BPO providers are finding that technology is becoming the foundation of every major business process. Technology is now a crucial arrow in their quiver. One of the best ways to outsource technology is through the Application Service Provider (ASP) model. In their desire to service their clients totally, many BPOs are forming partnerships with ASPs so they can add ASP services to their product mix.
This is a great idea as long as BPO providers are aware of “the risks of getting into the ASP business,” says Richard Raysman, a partner in the Manhattan law firm of Brown Raysman Millstein Felder & Steiner. Suppliers who ignore these risks could lose a hard earned customer because the ASP – whom they can’t control — did not perform. “If the ASP’s standards don’t match yours, you could besmirch your reputation,” says the attorney.
Technical issues stand at the forefront of the problem. For example, site availability is a key issue for ASP providers, points out Raysman. The buyer is also looking to the BPO provider to deliver on the Service Level Agreements (SLA) like response times, which are in the ASP’s bailiwick. “Your buyer can sue you if the ASP doesn’t adequately provide the services promised,” Raysman reports.

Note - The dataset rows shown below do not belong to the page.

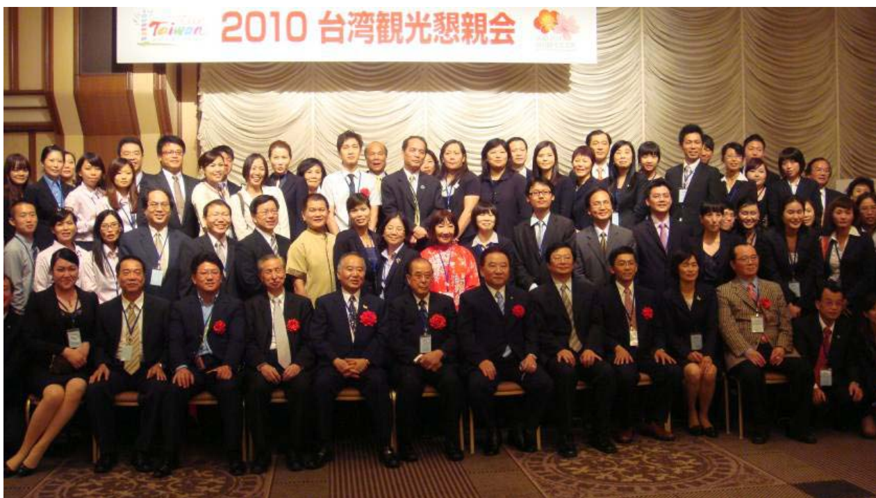
2010 年臺灣觀光說明會暨懇親會(東京帝國飯店)
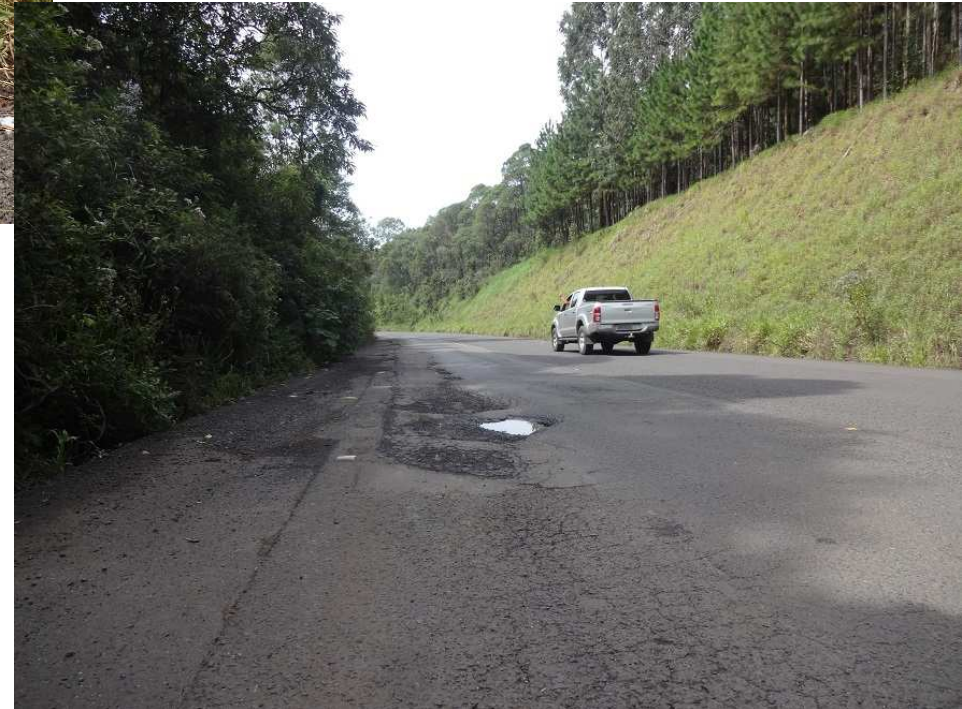
Km 11,3 – Situação do pavimento
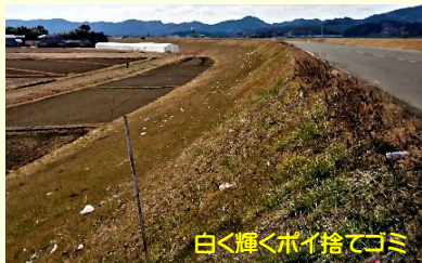
白く輝くポイ捨てゴミ

千と千尋の神隠しでも、川の神様の話が出て来たちゃ～★川の神様も汚れがたまると災いになるよ。阿武隈川下流でも、ビニール袋やペットボトルなどのポイ捨てが圧倒的に多い現実！川は人の暮らしを映す鏡かも？流れて来た桃の実を食べたくなるくらい美しい川にも戻せたら…考えただけでわくわくすっちゃね～♥
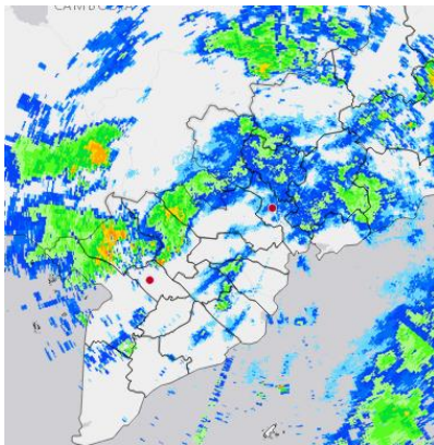
Ảnh radar thời tiết
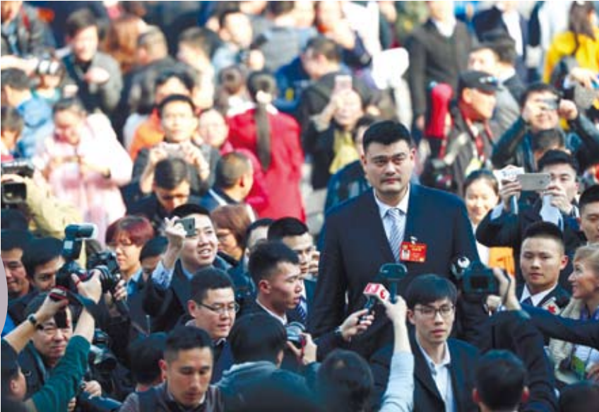
記者們採訪全國政協委員姚明。

今年大陸兩會期間，政協委員、著名籃球明星姚明，以「體育強國不僅僅是金牌，體育產業不僅僅是金錢」為題，在政協大會上發言。 姚明認為建設體育強國，金牌是必要的，但體育強國的內涵不僅僅是競技體育金牌，也包括群眾體育、體育產業、體育文化的齊頭並進。發展體育產業，投資是必須的，但投資只是建立體育產業生態鏈的一個環節。實體的運營、操作與管理同樣占據非常重要的位置。 因此，姚明提出了五點建議，內容如下： 一、培育市場。市場需要穩定、忠實的消費者，需要有人穿著專業的運動裝備，主動到運動場鍛煉，或者買票去看比賽，至少經常打開電視或者移動終端看直播。對體育的熱愛來自於興趣，興趣要從小培養，需要習慣養成。學校體育課不能成為
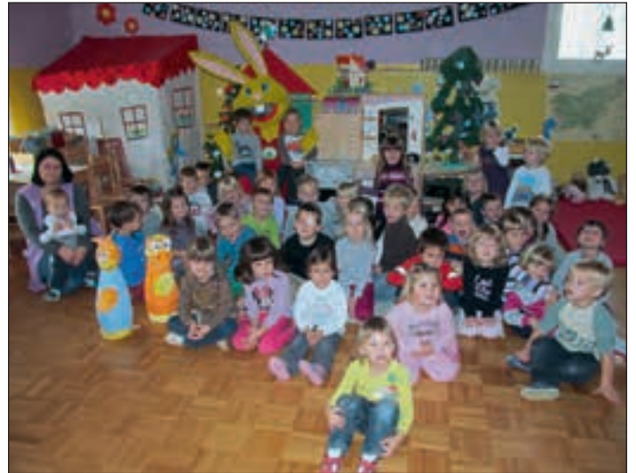
Sparky na obisku
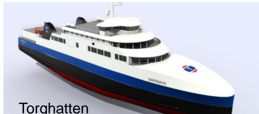
Torghatten Boreal Nord
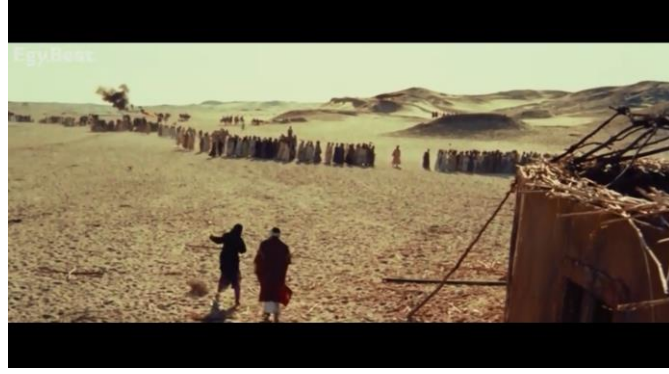
صوره رقم (١٥) و (١٦) توضحان مدى العمق في الكادر للسينما سكوب
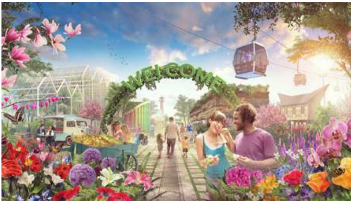
Een unieke ervaring om het Floriadepark vanuit de lucht te bekijken.
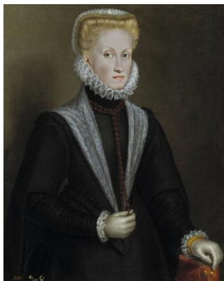
Fig.17. Sofonisba Anguissola, Retrato de Ana de Austria , c. 1575

Lejos de acabar con este modelo ya consagrado en la corte española, dos pintores más tomaron el testigo de Tiziano y Antonio Moro, y fueron Alonso Sánchez Coello y Sofonisba Anguissola. El primero fue discípulo de Antonio Moro en Flandes, llegando a convertirse en pintor de cámara de Felipe II, cuando Moro abandonó España. Demostró su maestría y fidelidad al modelo de retrato imperante con la copia que hizo al de Felipe II realizado por Antonio Moro, y siguió haciendo gala de su talento con los retratos del rey y su cuarta esposa, Ana de Austria, de realización propia. Sofonisba, por su parte, llegó a la corte en 1560 como profesora de dibujo de la reina Isabel de Valois. Con su obra existe cierta controversia, pues ha sido recientemente cuando se ha descubierto que algunas pinturas atribuidas a Sánchez Coello son, en realidad, producto de su pincel. Durante los veinte años que permaneció en España realizó varios retratos entre los que destacan el de Isabel de Valois y los retratos gemelos de Felipe II y Ana de Austria (Figs. 17 y 18).
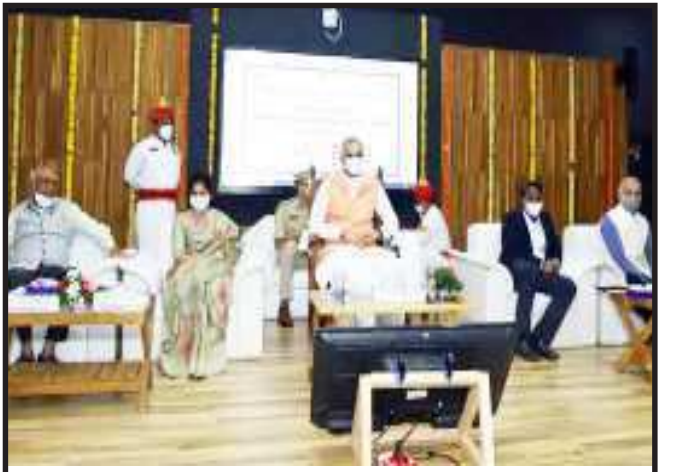
ગુજરાત સાહિત્ય અકાદમી અને સરકારી વિનયન કોલેજ, ગાંધીનગર દ્વારા યોજાયેલા રાષ્ટ્રીય શિક્ષા નીતિ ભારતીય ભાષાઓ અને સાહિત્યના વિશેષ સંદર્ભમાં વિષય ઉપર શરૂ થયેલી બે દિવસીય કાર્યશાળાનો પ્રારંભ કરાવતા ગુજરાત રાજ્યના રાજ્યપાલ આચાર્ય દેવવ્રત...

નવી દિલ્હી, અમિત શાહે બેઠક માટે ૧૦ રાજ્યોના મુખ્યમંત્રીઓને બોલાવ્યા છે જેથી તે રાજ્યોની નક્કસલી ગતિવિધિઓની માહિતી લઈ શકાય. સાથે જ બેઠકમાં નક્કસલીઓનો સામનો કરવા માટે ભરવા પડતા પગલાંઓ અંગે પણ ચર્ચા થશે. બેઠકમાં છત્તીસગઢ ઉપરાંત ઝારખંડ અને ઓડિશા પર વિશેષ ભાર આપવામાં આવશે. કેન્દ્ર ઈચ્છે છે કે, છત્તીસગઢના નક્કસલ પ્રભાવિત વિસ્તારોમાં સુરક્ષા દળોના અભિયાન તેજ કરવામાં આવે. રાજ્ય પોલીસ ઓપરેશનનું નેતૃત્વ કરે છે. પરંતુ કેટલાક લોકોના મતે બધેલ સરકારમાં આ ઓપરેશનની સંખ્યા ઘટી છે. કેન્દ્રીય ગૃહ મંત્રાલયે રવિવારે નક્કસલ પ્રભાવિત રાજ્યોના મુખ્યમંત્રીઓ સાથે એક બેઠક યોજી છે. ગૃહ મંત્રી અમિત શાહ આ મુખ્યમંત્રીઓ સાથે નક્કસલ પ્રભાવિત વિસ્તારોની સુરક્ષા સ્થિતિની સમીક્ષા કરશે. એક અહેવાલ પ્રમાણે

Interfaces can be tricky. Most BPOs want the client experience to be seamless; the client typically receives all the ASP services from the BPO’s Web site. Raysman likens this relationship to private labeling. However, the interfaces have to work so the buyer has no trouble accessing what is in reality the ASP’s Web site. Whose responsibility is that?
Because its buyer might have some specific and unusual issues to address, the BPO might have to add content to the ASP’s site. The two parties have to address this additional work in their contract with each other.
SLAs Become Critical In The ASP/BPO Contract
BPO providers must address these issues in their contracts with the ASP. Raysman suggests including very specific SLAs for the ASP. If the BPO client expects the ASP Web site to be available 100 percent of the time, say so in the contract. Make sure the ASP’s response times are correct. “The BPO has to match up what it promised to the buyer with the services it is contracting for with the ASP,” the lawyer says.
Confidentiality is another issue that BPO providers have to worry about when dealing in the ASP world. Buyers typically share sensitive information with their BPO providers, especially in the human resources, tax processing, and finance and accounting areas. BPOs have never had to worry about accidentally sharing that information with anyone.
But when an ASP becomes involved, the situation changes. What happens if the ASP has a technical glitch and shares confidential data with the ASP’s other clients? It is the BPO’s responsibility to make sure the chances of this happening are zero. “The ASP has to honor client confidentiality,” says Raysman firmly.
A Complicated Legal Web
One way to ensure mistakes like this don’t happen is to create a dedicated Web site for the BPO client. Shared sites increase the chance that confidentiality can be compromised. In addition, shared sites could also affect SLA performance.
“It’s a complicated legal web,” concludes Raysman. Pun intended.
Lessons from the Outsourcing Primer:
- Adding ASP services allows a BPO to use technology in the client’s business processes.
- BPOs run the risk of losing their hard won clients if the ASP doesn’t deliver as promised.
- BPOs must make sure the services they promised the client are reflected in their contract with the ASP. Strict SLAs protect the BPO and should be included in the contract.
- Technology and confidentiality issues are the two major trouble spots.
- Dedicated Web sites remove some of the BPO risks.